Here the bouncy line identifies the real numbers equivalent to, say, $2.4124$, i.e., the real numbers that differ from $2.4124$ by an integer. Precisely one of them falls in the interval $[0,1)$.

  • $\begingroup$ hmm ok..I am still not sure how you find an equivalence class. What do you mean subtract r from r to determine equivalence class? Like if am given the equivalence class of 1 and said to find it, I know how to do it. But still not sure how to create one. $\endgroup$ – Sana Fathima May 29 '15 at 2:17
  • $\begingroup$ So if e.g. $r=3.14159$, then it is equivalent to $0.14159$ (we ignore the integer component). [Actually, it's a bit trickier with negative reals, I should correct that in my answer.] $\endgroup$ – Rebecca J. Stones May 29 '15 at 2:19
  • $\begingroup$ Sorry..but how did you know that it was a decimal..could you use an integer like 3? Why do we ignore the integer component> $\endgroup$ – Sana Fathima May 29 '15 at 2:26
  • $\begingroup$ If it was $3$, then it's equivalent to $0$. It's how the relation is defined: $x \sim y$ if and only if $x-y \in \mathbb{Z}$, i.e., they differ by an integer. $\endgroup$ – Rebecca J. Stones May 29 '15 at 2:38
  • $\begingroup$ ahhh ok that makes sense! thank you! $\endgroup$ – Sana Fathima May 29 '15 at 2:52

$\def\zz{\mathbb{Z}} \def\rr{\mathbb{R}}$There are two issues here. The first is that you should know why $( \{ x+n : n \in \zz \} : x \in [0,1) )$ is really the sequence of all the equivalence classes. Specifically you need to check:

  • Every element in $\rr$ is in one of the claimed classes. Rebecca gave a nice illustration of that, but you need to actually work out the proof yourself.

  • Any two elements in each class are related by the equivalence relation.

  • Any two classes in the sequence are distinct.

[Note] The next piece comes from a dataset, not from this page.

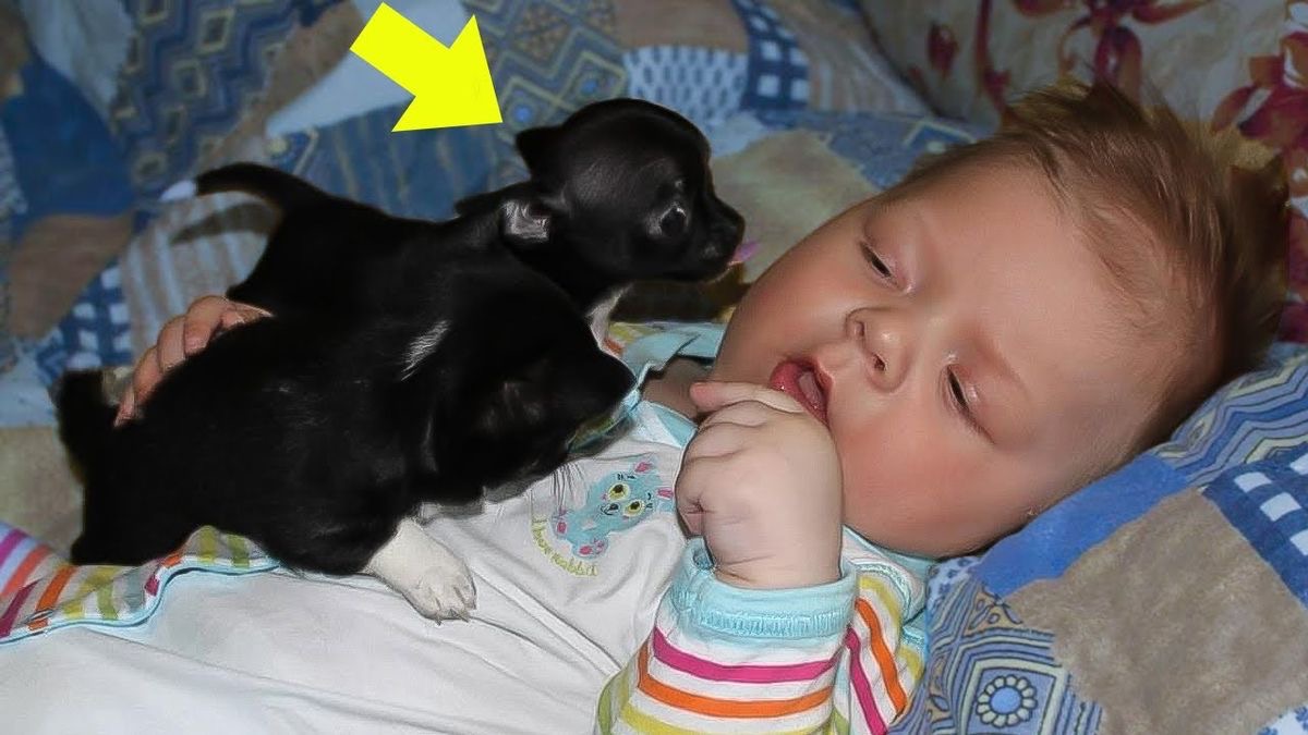 A tiny puppy, barely bigger than the baby’s hand, slowly climbed closer. Curious, careful, almost hesitant with every step.

The third condition is needed because if you just wanted the set of equivalent classes you would just take $\{ \{ x+n : n \in \zz \} : x \in \rr \}$ because duplicates are not counted when forming a set. Since the answer you are given is $[0,1)$, clearly you were expected to list each equivalence class only once.

The second issue is how to figure out the equivalence classes. In general it is ad-hoc, but you always just start with the definition of the set of equivalence classes, namely $\{ \{ y : y \sim x \} : x \in S \}$, where $\sim$ is the equivalence relation on a set $S$, and then try to see which are duplicates.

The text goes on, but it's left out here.